(PROBLEM REQUIREMENTS)
Please copy exactly the line containing "女童连衣裙秋2022新款宝宝毛呢儿童洋气外套小女孩..." and every line after it, through the last line of the records below, leaving out all pictures.

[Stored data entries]
○ ○ ○
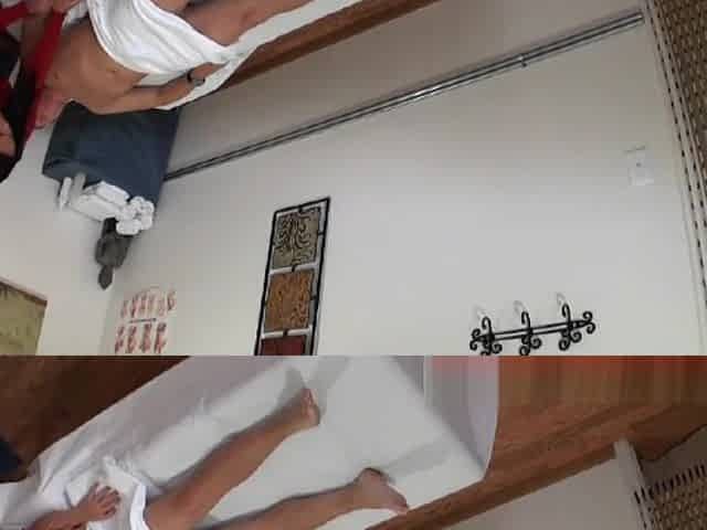 Hidden camera in massage parlor - Chubby masseur fucks client
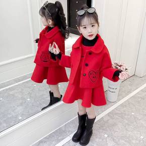 女童连衣裙秋2022新款宝宝毛呢儿童洋气外套小女孩...
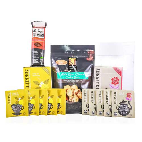 Afternoon Tea Hamper Included : Well Naturally Rich Dark, 5 Clipper Lemon & Ginger, 5 Clipper English Breakfast, BBCC Milk Choc Chunk Bites.
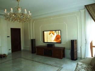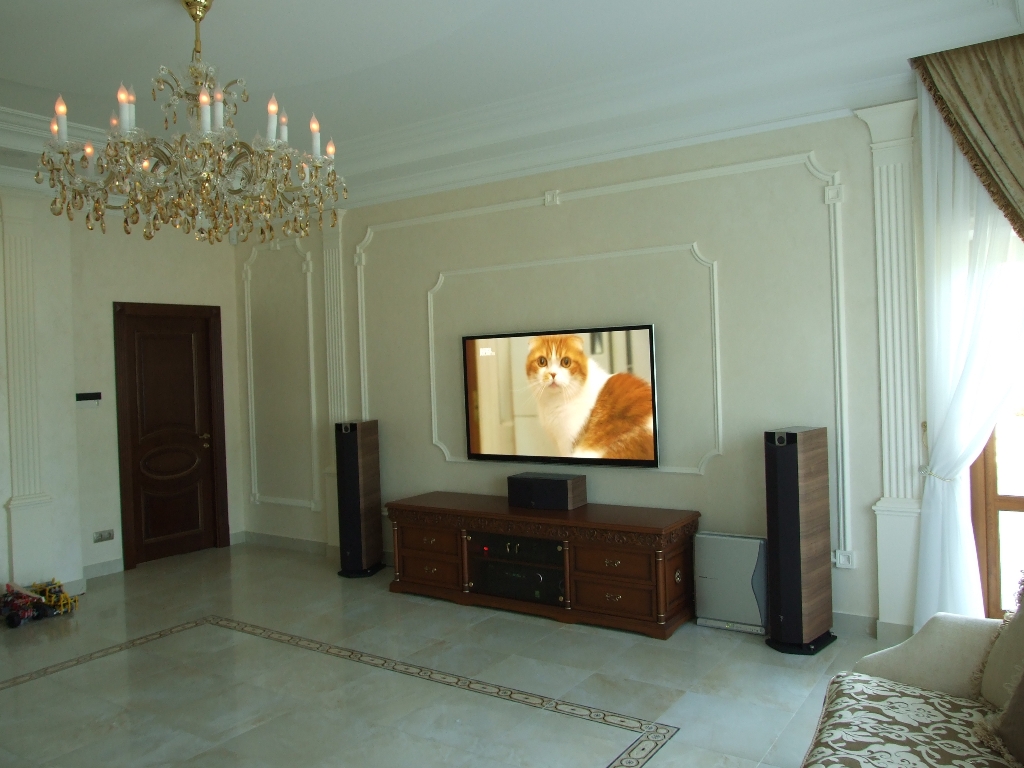 Первый заказ мы выполнили у него на квартире. Но как говорится: «Каждый мужчина должен построить дом, вырастить сына и посадить дерево». Кинотеатр расположен в гостиной с большой площадью. Дом в основном используется для отдыха. Наша задача была оборудовать кинотеатр с хорошим качеством и при этом не тратить на него большие средства. С задачей помогли справится: трех-полосная фронтальная акустика Focal JM-Lab Chorus 836 V (пожалуй одна из самых мощных и басовитых в своем классе), центральный канал из той же серии, тыловые дипольные акустические системы Focal JM-Lab Chorus SR 800 V позволяют наполнить даже большое помещение подробным окружающим звуком. Сердцем домашнего кинотеатра стал ресивер Onkyo и медиаплеер от компании Dune.
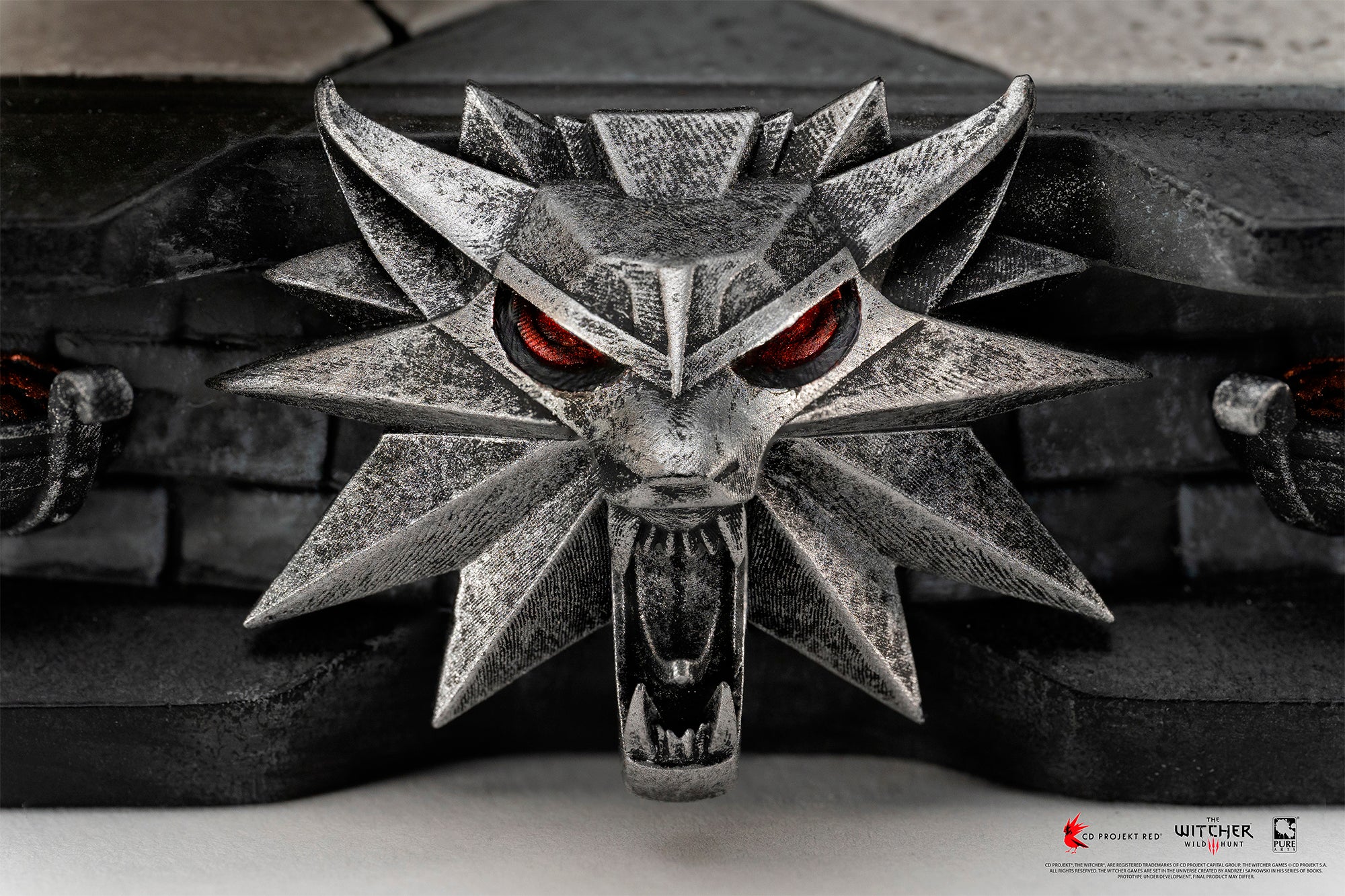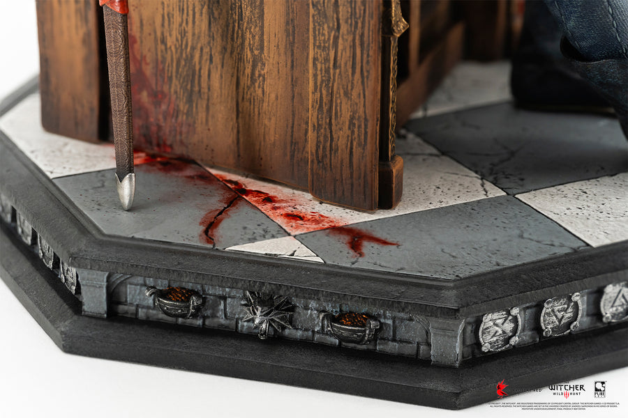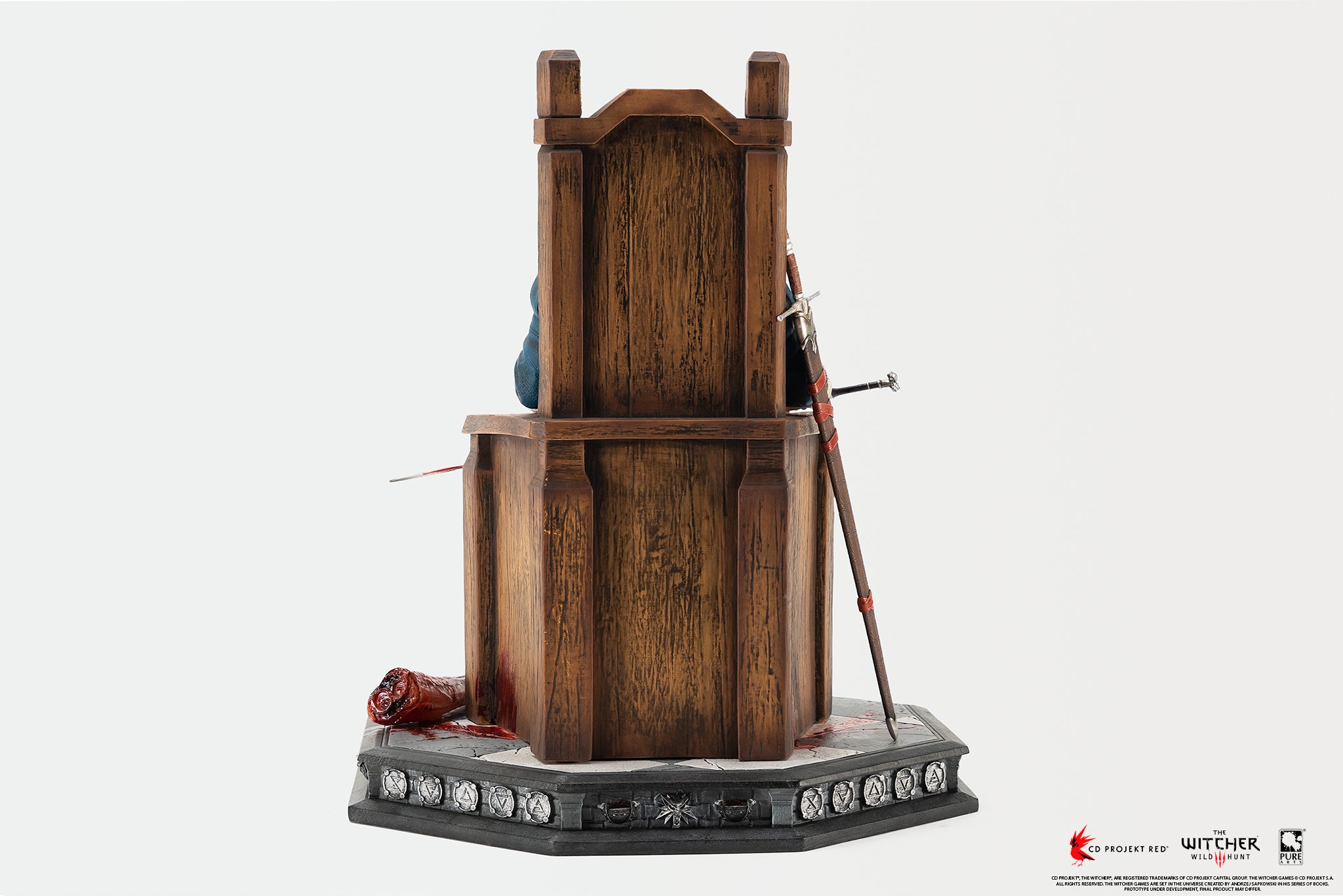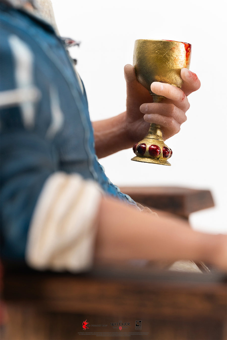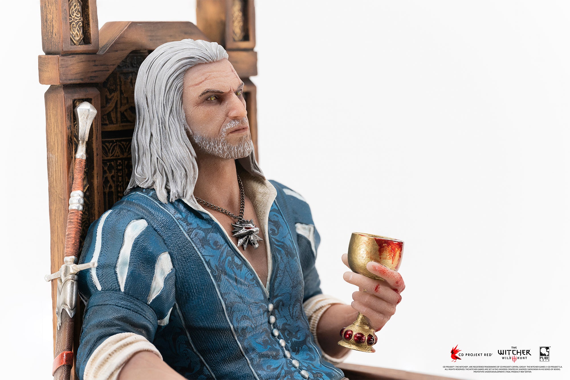 PureArts is proud to bring the stunning Blood & Wine cover art to life with Geralt of Rivia gazing intently from his throne, gripping a bloodied chalice in one hand and his enhanced griffin silver sword in the other with the severed arm of the High Vampire Dettlaff at his feet.
○ ○ ○
(ANSWER FOR THE TASK)
 女童连衣裙秋2022新款宝宝毛呢儿童洋气外套小女孩...
 Afternoon Tea Hamper Included : Well Naturally Rich Dark, 5 Clipper Lemon & Ginger, 5 Clipper English Breakfast, BBCC Milk Choc Chunk Bites.
 Первый заказ мы выполнили у него на квартире. Но как говорится: «Каждый мужчина должен построить дом, вырастить сына и посадить дерево». Кинотеатр расположен в гостиной с большой площадью. Дом в основном используется для отдыха. Наша задача была оборудовать кинотеатр с хорошим качеством и при этом не тратить на него большие средства. С задачей помогли справится: трех-полосная фронтальная акустика Focal JM-Lab Chorus 836 V (пожалуй одна из самых мощных и басовитых в своем классе), центральный канал из той же серии, тыловые дипольные акустические системы Focal JM-Lab Chorus SR 800 V позволяют наполнить даже большое помещение подробным окружающим звуком. Сердцем домашнего кинотеатра стал ресивер Onkyo и медиаплеер от компании Dune.
 PureArts is proud to bring the stunning Blood & Wine cover art to life with Geralt of Rivia gazing intently from his throne, gripping a bloodied chalice in one hand and his enhanced griffin silver sword in the other with the severed arm of the High Vampire Dettlaff at his feet.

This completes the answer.